Изданіе А. Ф. МАРКСА.
1905.
НА ПУТИ КЪ ИЗВѢСТНОСТИ.
РАЗСКАЗЪ.

По широкой парадной лѣстницѣ, устланной мягкимъ ковромъ, поднимался очень молодой человѣкъ. На немъ было рваное пальто; изъ пальто виднѣлись клочья грязной, свернувшейся въ комки ваты. Широкія порыжѣвшія панталоны напоминали своимъ покроемъ портныхъ провинціи и толкучки, они оканчивались внизу бахромками и были слишкомъ коротки, точно они съежились отъ старости или просто ихъ обладатель переросъ ихъ во время ихъ долголѣтняго служенія. Изъ-подъ нихъ виднѣлись давно нечищенные, расползшіеся въ стороны сапоги; одинъ сапогъ уже успѣлъ лопнуть въ двухъ мѣстахъ и нескромно показывалъ клочки далеко нечистаго носка.

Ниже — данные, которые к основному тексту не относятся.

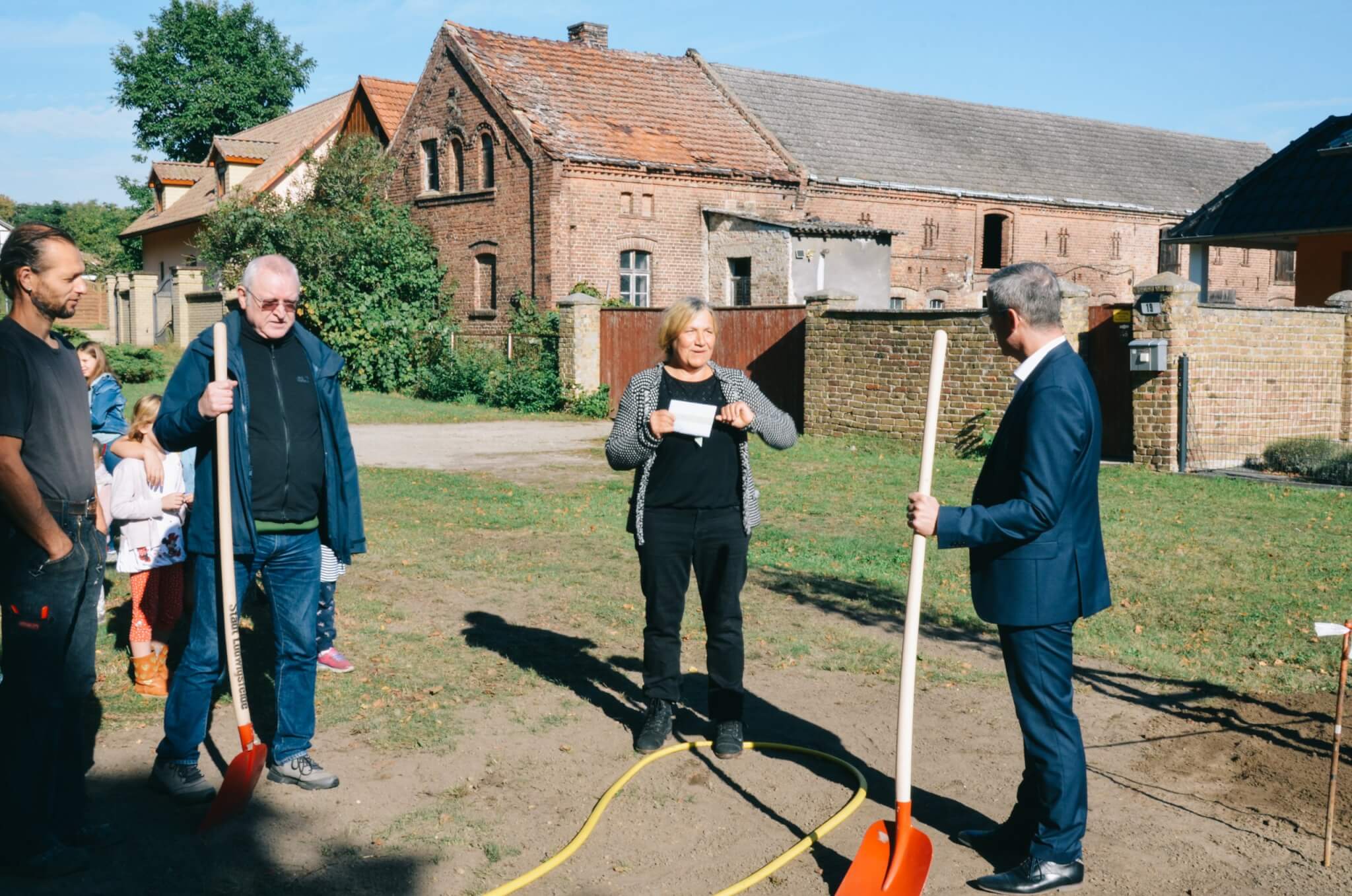 Die Neugestaltung des Dorfangers ist ein Projekt, bei dem viele Akteure des rund 200 Einwohner großen Dorfes zusammengearbeitet haben: Daniel Schiemann hatte innerhalb kürzester Zeit ein Pflanzkonzept mit fünf großen Pflanzbereichen erarbeitet, die dorftypisch mit Gehölzgruppen bepflanzt werden sollen. Die Erdarbeiten für den ersten, nun gepflanzten Baum übernahm die in Kerzendorf ansässige Firma TERBA um Geschäftsführer Ralf Schulze, der die Dorfgemeinschaft bereits des Öfteren unkompliziert unterstützte.

Молодой человѣкъ шелъ нетвердою, робкою походкою, какъ подходятъ очень незначительные, пришибленные судьбою людишки къ высокопоставленнымъ лицамъ. Онъ какъ-то съежился и казался ниже своего роста, когда его рука несмѣло прикоснулась къ бронзовой ручкѣ колокольчика у дверей бель-этажа.

Была минута, когда онъ боялся, что его примутъ за нищаго, за бродягу, за вора и вытолкнутъ вонъ, или пригрозятъ полиціей. Подобные случаи нерѣдко бывали въ жизни даже очень геніальныхъ людей, еще не успѣвшихъ сшить себѣ порядочнаго платья.

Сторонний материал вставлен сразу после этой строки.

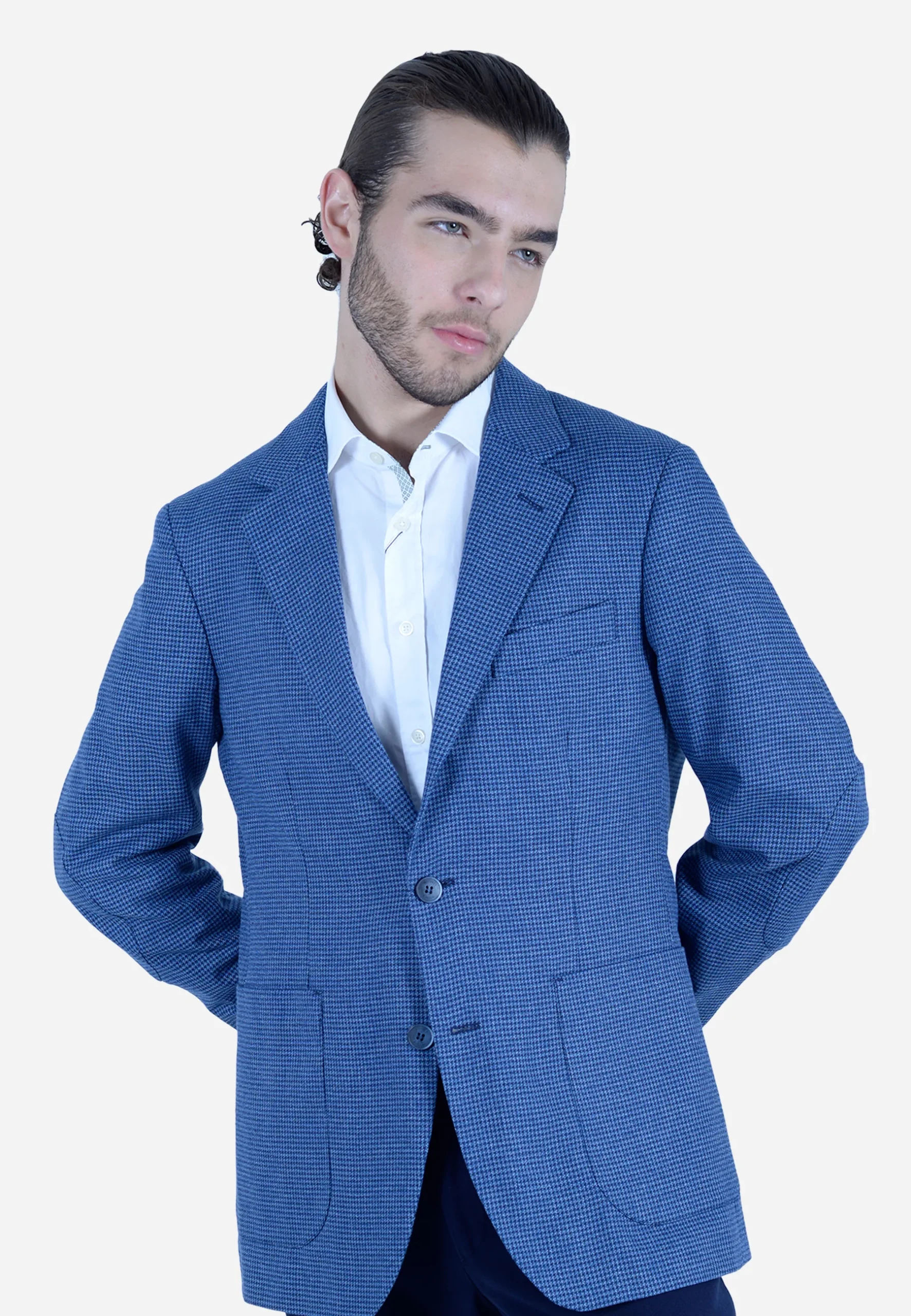 Suéter Hackett London azul a cuadros para hombre, diseñado para quienes buscan un toque de distinción sin sacrificar comodidad. Su patrón de cuadros estilo Príncipe de Gales y corte ajustado (slim fit) lo convierten en una prenda clave para cualquier guardarropa contemporáneo. Solapas clásicas, cierre de dos botones y bolsillos con solapa.

Лакей отперъ передъ юношею-оборванцемъ дверь и пропустилъ его въ просторную, свѣтлую переднюю, не сказавъ ни слова. Повидимому, лакей не впервые видѣлъ подобныхъ оборванцевъ въ этой передней.

Едва ли когда-нибудь у этого молодого человѣка было такое платье, какое было надѣто на этомъ лакеѣ и, вѣроятно, онъ счелъ бы себя счастливѣйшимъ изъ смертныхъ, если бы ему отвели такое помѣщеніе, какъ эта передняя.

Посѣтитель торопливо и неуклюже, какъ человѣкъ, сильно сконфузившійся за себя, снялъ свое пальто, чтобы не дать времени лакею разсмотрѣть эти лохмотья, и поспѣшно прошелъ въ открытую дверь пріемной.

Этотъ молодой человѣкъ былъ я, Александръ Николаевичъ Аристидовъ. Я шелъ не за милостыней, я шелъ не съ просьбою о тепломъ мѣстечкѣ, я шелъ не къ какому-нибудь начальнику или высокопоставленному лицу. Я просто несъ въ редакцію первую часть написаннаго мною романа и входилъ въ квартиру такого же писателя, какъ я, Ивана Ивановича Терешина. Этотъ человѣкъ когда-то такъ же, какъ я, ходилъ съ прорванными локтями. Теперь у него были десятки тысячъ, модные экипажи, кровные рысаки, богатая мебель, дорогіе ковры. Быть-можетъ, это были плоды его трудовъ, его ловкости, его изворотливости, его плутовства. Быть-можетъ, это были плоды безсонныхъ ночей, плоды тяжелыхъ усилій сотенъ и тысячъ такихъ же оборванцевъ, какъ я, продавшихъ ему «на корню» свои произведенія, которыя онъ пускалъ потомъ въ оборотъ. Я понималъ все это и, повидимому, могъ бы войти съ поднятой головой, съ яснымъ взглядомъ въ эту пріемную, куда я несъ продать на выгодныхъ для покупщика условіяхъ свой трудъ. Но все же я ежился и робѣлъ: богатство, какимъ бы путемъ оно ни было пріобрѣтено, постоянно принижаетъ, подавляетъ бѣдняка.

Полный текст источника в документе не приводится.